The Business Day of Friday May 23rd 2014, under the heading ‘Stefanuti scales down in Botswana operations – Chinese prices ‘too low’ Stefanuti Stocks, a South African construction company states it was scaling down its operation in Botswana because its order book has been dented by intense competition from Chinese construction companies. It is now generally believed that the arrival of the Chinese construction companies in Botswana has substantially reduced the construction costs for Botswana government, saving the government much needed revenues to invest in other areas. Surely this is not a bad thing for the country. Notwithstanding this positive developments between China and Africa in general, and China and Botswana in particular, Chinese construction companies have been portrayed in a very negative light by the media, both in the West, in African and in Botswana, especially as regards workmanship or quality of their work. The PPADB lists about 30 Chinese companies registered to do business in Botswana.

I recently examined some 17 Botswana newspapers stories on Chinese construction companies covering the period May 2010 and March 2013. I was surprised to find out that these negative stories all revolved around only fourChinese companies, namely (1) China Civil Engineering Construction Corporation (CCECC) (2) China National Electric Equipment Corporation CCNEEC), (3) Sinohydro and (4) Shanghai Fenyuue. Whilst there was plenty to say about these four (and correctly so) it appears there was no good story to tell about the 26 other Chinese companies doing business in Botswana, that have probably finished their projects on time and within budget. What I found even more bizarre is the complete lack of mention of the role of the client’s project’s supervising engineers in the form of (a) projects architects, (b) quantity surveyors (c) structural engineers (d) civil engineers (e) electrical engineers and (f) mechanical engineers. I am advised on good authority that these clients supervising engineers are the ones who are supposed to advice the client on such matters as quality and workmanship and recommend payment etc. I would have thought payment implied work was done according to project specifications. Or are we to understand that when it comes to Chinese construction companies, payments were done without the input of the client supervising engineers? ALL companies doing shoddy work should be exposed, and so should all the supervising engineers doing shoddy inspection work for government! But having said all this, I think I understated the source of West’s antipathy towards China.
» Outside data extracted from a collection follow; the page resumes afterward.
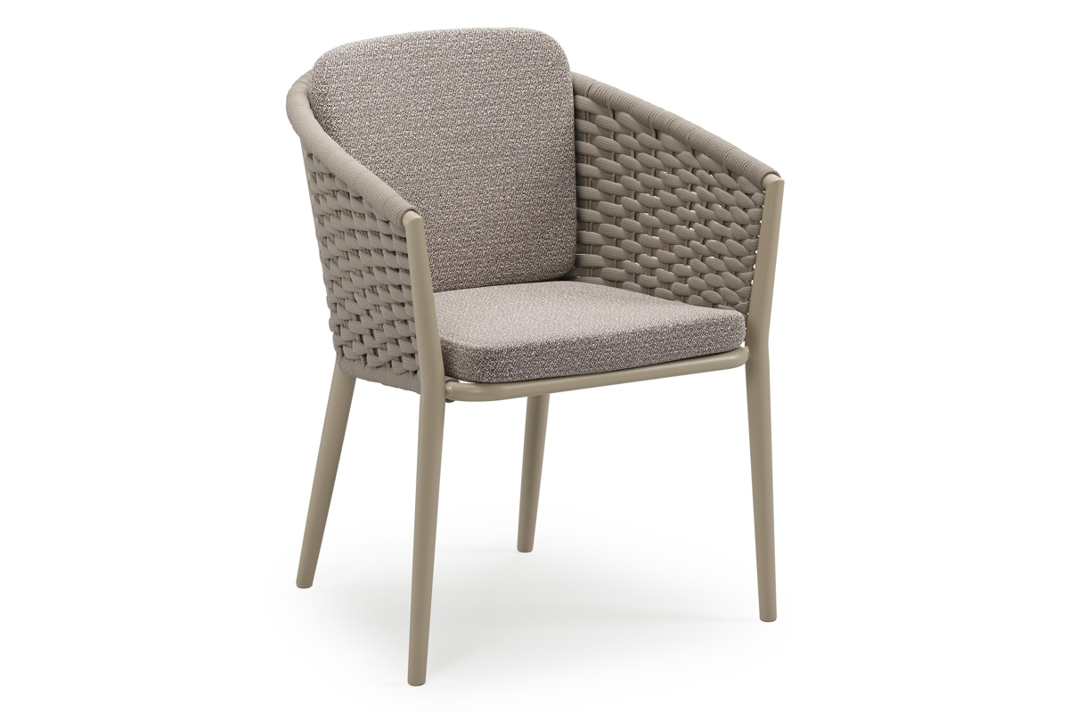Orso stapelbare tuinstoel in beige aluminium en beige horizontaal geweven ronde rope met stoelkussen in All Weather Sunbrella® Luxe Wander Granite | Exterioo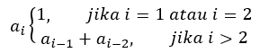 Dimana nilai dari barisan pertama a1 = 1, a2 = 1, kemudian nilai berikutnya dihitung dengan menambahkan dua barisan sebelumnya. Bentuk tersebut dapat kita tuliskan dalam notasi rekursif berikut:
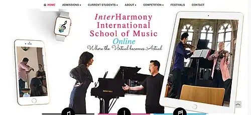 InterHarmony International Music Festival, a summer classical music festival, was the inspiration for founding the InterHarmony International School of Music,[5][6] in order to provide students with the option of studying in full programs without having to leave their homes. The programs allow students from any city or country to receive a balanced and intensive musical education virtually with professors who teach at universities around the world, members of acclaimed orchestras, soloists, and chamber musicians. Students can choose from several different programs, depending on age range.[7][8] In 2022, the school began offering digital credentials through Credly.[9]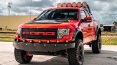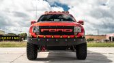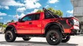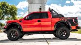 This 2011 Ford F-150 SVT Raptor SuperCab is finished in Molten Orange Tri-Coat over black and orange upholstery and is powered by a 6.2-liter V8 mated to a six-speed automatic transmission and a dual-range transfer case. The truck has been modified with 20″ HRE wheels, 37″ Hankook tires, a Brembo front big brake kit, a 3″ body lift, Deaver rear leaf springs, Fox air bump stops, a Kooks exhaust system, an Airaid intake, aftermarket bumpers, a chase…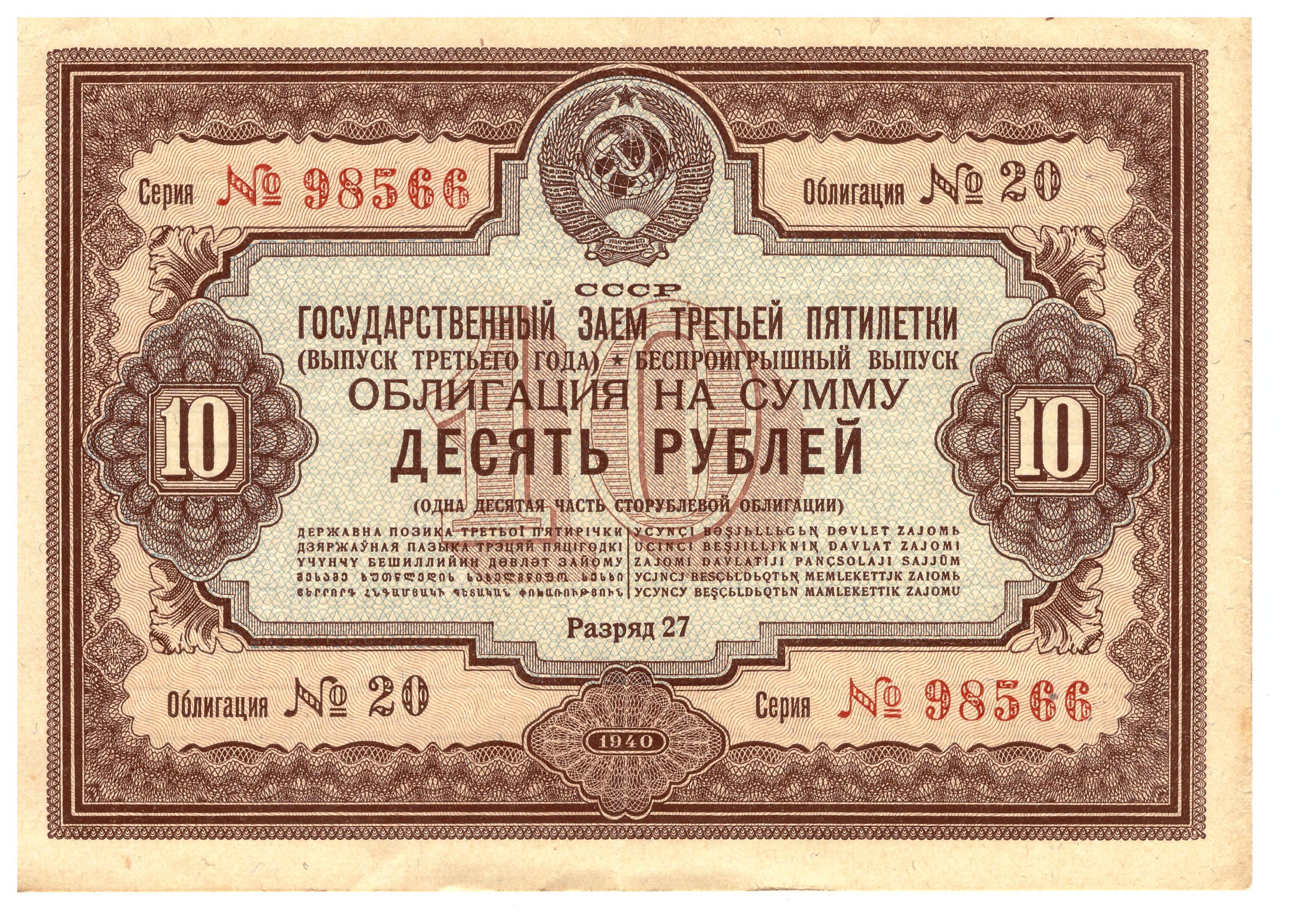 - 1940 obligacja 10 rubli awers

The spectacular Chinese economic transformation of the last 35 years or so was actually state driven, rather than private sector driven. This has profound lessons for developing nations who have always been railroaded to follow neo-liberal approaches by World Bank and IMF. While China has about 117 state-owned enterprises across every sector of the Chinese economy, in Africa and other parts of the ‘developing’ world the Bretton Woods institutions are still enforcing privatization and rolling back of the state. It is interesting to note that more recently Lloyd Blankfein, Goldman Sachs Chairman and CEO, was quoted by CNN saying the 21st century looks like it can very well be the Chinese century, just like the 20th century was the American century. Well, if you can’t beat the yellow man, just rubbish him.

*Prof Mogalakwe is a member of Africa-China Research Group (ACRG) at the University of Botswana. The views expressed here are personal.